§ DESCRIPTION OF THE TASK
Each line from the opening of the listing below through the line that contains "Lorenzo Fortunato e" is to be output exactly as written.

§ PROVIDED DATA
------------------------------------------------

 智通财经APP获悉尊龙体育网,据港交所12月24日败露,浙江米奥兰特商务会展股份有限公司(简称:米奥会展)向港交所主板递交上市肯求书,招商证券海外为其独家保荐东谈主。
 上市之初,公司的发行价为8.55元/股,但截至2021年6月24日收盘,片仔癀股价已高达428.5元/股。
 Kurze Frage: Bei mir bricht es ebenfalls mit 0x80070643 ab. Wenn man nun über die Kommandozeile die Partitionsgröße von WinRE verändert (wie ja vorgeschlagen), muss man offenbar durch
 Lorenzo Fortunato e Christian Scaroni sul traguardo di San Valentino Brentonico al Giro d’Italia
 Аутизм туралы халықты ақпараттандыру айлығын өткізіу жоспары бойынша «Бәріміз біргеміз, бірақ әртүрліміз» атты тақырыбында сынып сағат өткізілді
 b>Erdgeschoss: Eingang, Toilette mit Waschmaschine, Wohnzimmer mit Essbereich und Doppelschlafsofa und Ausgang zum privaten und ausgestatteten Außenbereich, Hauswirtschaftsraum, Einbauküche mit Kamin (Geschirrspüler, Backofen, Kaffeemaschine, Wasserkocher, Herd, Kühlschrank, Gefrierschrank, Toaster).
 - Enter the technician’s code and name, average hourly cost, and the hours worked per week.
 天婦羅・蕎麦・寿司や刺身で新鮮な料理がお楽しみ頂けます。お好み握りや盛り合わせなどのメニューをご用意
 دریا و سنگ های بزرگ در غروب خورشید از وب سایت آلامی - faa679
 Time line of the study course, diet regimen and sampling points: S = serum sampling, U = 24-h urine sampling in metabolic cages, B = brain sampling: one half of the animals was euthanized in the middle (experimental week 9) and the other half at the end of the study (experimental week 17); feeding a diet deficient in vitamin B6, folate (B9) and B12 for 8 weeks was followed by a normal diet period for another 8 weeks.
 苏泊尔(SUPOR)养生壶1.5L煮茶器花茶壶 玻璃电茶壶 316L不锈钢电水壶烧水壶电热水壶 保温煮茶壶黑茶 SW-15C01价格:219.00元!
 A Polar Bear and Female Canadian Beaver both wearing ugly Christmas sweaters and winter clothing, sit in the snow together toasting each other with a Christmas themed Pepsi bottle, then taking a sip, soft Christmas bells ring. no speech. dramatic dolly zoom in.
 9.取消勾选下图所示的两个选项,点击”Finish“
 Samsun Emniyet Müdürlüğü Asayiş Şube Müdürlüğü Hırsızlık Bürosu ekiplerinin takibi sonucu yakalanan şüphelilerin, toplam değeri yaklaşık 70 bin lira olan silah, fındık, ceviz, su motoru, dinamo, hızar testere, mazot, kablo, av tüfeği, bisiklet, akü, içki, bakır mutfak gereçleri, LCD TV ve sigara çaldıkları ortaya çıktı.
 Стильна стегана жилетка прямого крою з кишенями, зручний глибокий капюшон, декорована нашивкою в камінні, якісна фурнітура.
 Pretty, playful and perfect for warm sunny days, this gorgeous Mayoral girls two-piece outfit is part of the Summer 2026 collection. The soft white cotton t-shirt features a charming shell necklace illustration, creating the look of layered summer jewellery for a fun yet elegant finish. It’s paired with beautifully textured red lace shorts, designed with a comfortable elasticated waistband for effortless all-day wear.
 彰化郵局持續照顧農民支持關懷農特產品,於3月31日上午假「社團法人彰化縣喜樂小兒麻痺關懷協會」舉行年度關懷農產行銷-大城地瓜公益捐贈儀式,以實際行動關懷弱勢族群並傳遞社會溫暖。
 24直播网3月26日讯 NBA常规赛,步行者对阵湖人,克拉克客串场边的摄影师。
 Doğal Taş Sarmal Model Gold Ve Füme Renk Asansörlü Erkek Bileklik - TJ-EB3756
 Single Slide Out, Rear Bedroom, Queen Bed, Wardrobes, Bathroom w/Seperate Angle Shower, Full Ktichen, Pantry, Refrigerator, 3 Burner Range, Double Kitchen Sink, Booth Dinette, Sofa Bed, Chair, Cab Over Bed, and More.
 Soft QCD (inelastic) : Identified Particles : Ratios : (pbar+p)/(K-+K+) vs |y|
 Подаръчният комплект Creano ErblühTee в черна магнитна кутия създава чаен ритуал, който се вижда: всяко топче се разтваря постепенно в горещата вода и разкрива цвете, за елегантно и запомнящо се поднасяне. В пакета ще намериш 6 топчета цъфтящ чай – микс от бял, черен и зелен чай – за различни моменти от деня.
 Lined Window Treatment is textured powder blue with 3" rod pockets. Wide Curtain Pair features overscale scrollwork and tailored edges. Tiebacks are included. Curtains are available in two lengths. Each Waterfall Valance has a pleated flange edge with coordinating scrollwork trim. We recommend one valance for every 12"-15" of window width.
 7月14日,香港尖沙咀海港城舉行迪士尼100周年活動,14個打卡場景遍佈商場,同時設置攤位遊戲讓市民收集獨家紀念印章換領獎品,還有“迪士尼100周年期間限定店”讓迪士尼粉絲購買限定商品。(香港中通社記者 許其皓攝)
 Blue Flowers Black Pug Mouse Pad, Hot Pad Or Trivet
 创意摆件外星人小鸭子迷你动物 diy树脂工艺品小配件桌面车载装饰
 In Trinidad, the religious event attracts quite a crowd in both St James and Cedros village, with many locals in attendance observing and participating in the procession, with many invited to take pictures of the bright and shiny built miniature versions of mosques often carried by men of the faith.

------------------------------------------------

§ TASK ANSWER
 智通财经APP获悉尊龙体育网,据港交所12月24日败露,浙江米奥兰特商务会展股份有限公司(简称:米奥会展)向港交所主板递交上市肯求书,招商证券海外为其独家保荐东谈主。
 上市之初,公司的发行价为8.55元/股,但截至2021年6月24日收盘,片仔癀股价已高达428.5元/股。
 Kurze Frage: Bei mir bricht es ebenfalls mit 0x80070643 ab. Wenn man nun über die Kommandozeile die Partitionsgröße von WinRE verändert (wie ja vorgeschlagen), muss man offenbar durch
 Lorenzo Fortunato e Christian Scaroni sul traguardo di San Valentino Brentonico al Giro d’Italia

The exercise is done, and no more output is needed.